It is estimated that more than 70,000 Palestinian Bedouins are living in these 35 villages. Many of these villages predate the establishment of the Israeli state in 1948. Very few of them were created by the Israeli military order in the early 1950s to re-settle Palestinians, who were forcefully evicted from their towns due to Israeli occupation. They were told that their eviction was temporary and that they would go back to their towns after war is over. Yet these towns were occupied by Jewish immigrants instead. These villages were unrecognized by the Israeli government and did not receive any civil services; water, electricity, sewage, education, health care and transportation. The Palestinian Bedouins were declared “illegal occupiers of state property” by Israeli Minister Silvan Shalom.

Israel is a serial war criminal. Its crimes target Palestinians every day. Palestinian villages across the West Bank face unrelenting assaults by the Israeli military. Palestinian home demolitions and razing Palestinian agricultural land have become a daily routine for the Israeli military bulldozers. During last week of November the Israeli occupation authorities declared its intention to confiscate 1500 acres of Palestinian agricultural land in Aqraba village near Nablus and have sent its bulldozers to raze land in order to build a new Jewish only road connecting the illegal settlements of Itamar and Ginnot Shomeron ( palestine-info.co.uk )

In 29 th November four Israeli military vehicles raided the town of Barta’a southwest of Jenin and handed ten citizens notifications of the intended demolition of their 14 homes due to building without permits. Building permits are not granted to Palestinians while Israeli extremists are allowed to build illegal settlement without any permits. ( Palestine-info.co.uk )

In 28 th of November Israeli military bulldozers razed Palestinian lands in villages south of the West Bank city of Qalqilya. Witnesses told Ma’an News that several Israeli military vehicles escorted the bulldozers to the villages of Ras “Atiya, Ras Al-Tira, and Izbat Jalud, where they razed vast agricultural areas.

The inhabitants of the village of Deir Istiya have been the target of nearby extremist settlers’ terror attacks against their crops and water supply since 1990. This has culminated last week when the Israel military obtained a court ruling allowing them to uproot nearly 2500 olive trees in the Wadi Kana, a valley making up a large part of the village’s farmland.
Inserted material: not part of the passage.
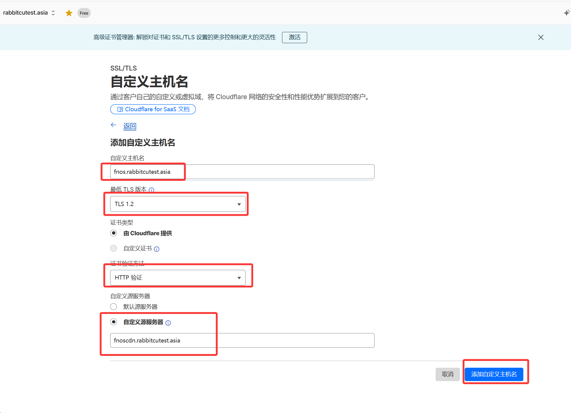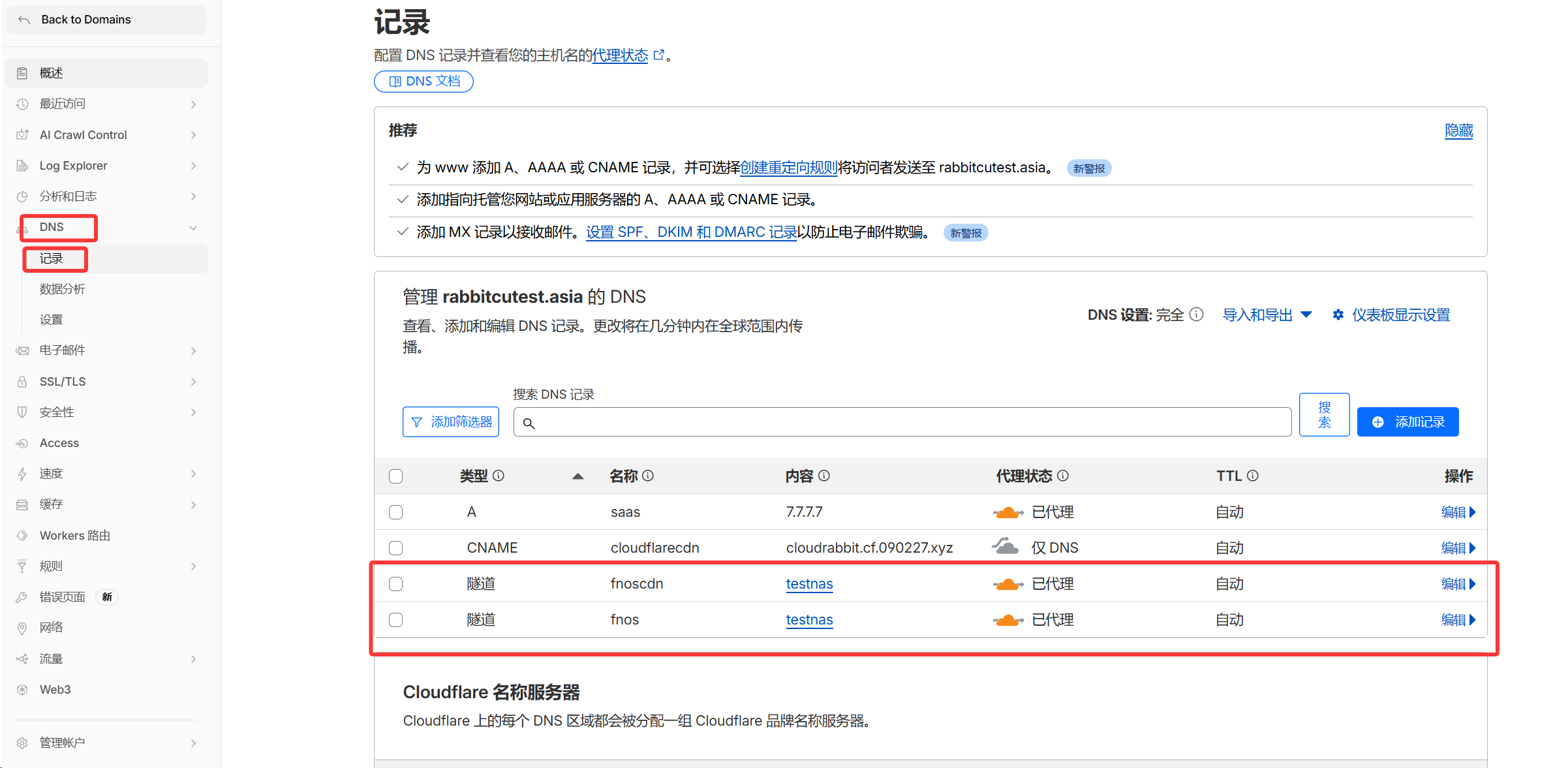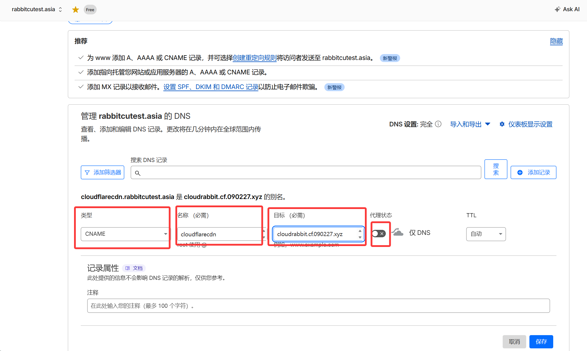 目标:cloudflarecdn.rabbitcutest.asia这个是你步骤二创建的那个CNAME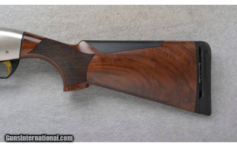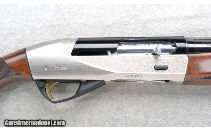 Description: This Benelli Model Ethos is a right hand semi-auto shotgun in 12 Ga. It has a 27.5 inch Criobarrel with a carbon fiber ventilated rib. A green high visibility front sight and metal middle bead sight. With a 3 inch chamber it comes with 4 choke tubes. The butt stock is a checkered grip hardwood pistol grip with a black rubber comb. The forearm is a checkered grip hardwood. The receiver is nicely engraved. 12 Gauge SOLD Chambers: 3 inch. Metal Condition: Excellent. A few minor handling marks. Wood Condition: Excellent. A few minor handling marks. Bore Condition: Shiny. Barrels: 27.5 inch Criobarrel with a carbon fiber ventilated rib. Stock Dimensions: LOP 14 1/4 inches. Fore End: Checkered grip hardwood. Butt Pad: Progressive Comfort black rubber recoil pad. Weight: 6 lb. 8 oz. Sights: Green high visibility front. Metal middle. Chokes: Comes with 4 choke tubes. Item Location: Richfield, WI |

This uprooting will decimate the village’s agriculture and economy destroying the livelihoods of as much as 4000 inhabitants of Deir Istiya. ( Palsolidarity.org )

Besides these and many other disruptions and destructions of Palestinian property and lives the Israeli illegal colonies on stolen Palestinian land continues with abatement. The Times of Israel reported November 28 th that 7% of the new Israeli construction sites erected this year were located in the West Bank, and the number of building projects across the Green Line rose by nearly 130% compared to 2012. The Central Bureau of Statistics reported that since the beginning of 2013, 32,290 construction sites for housing units were erected across Israel, an increase of 5.5% compared to the corresponding time frame in 2012. There has also been an increase of 12.4% in the number of apartment buildings, whose construction was completed, with roughly 30,970 homes finalized since the beginning of 2013.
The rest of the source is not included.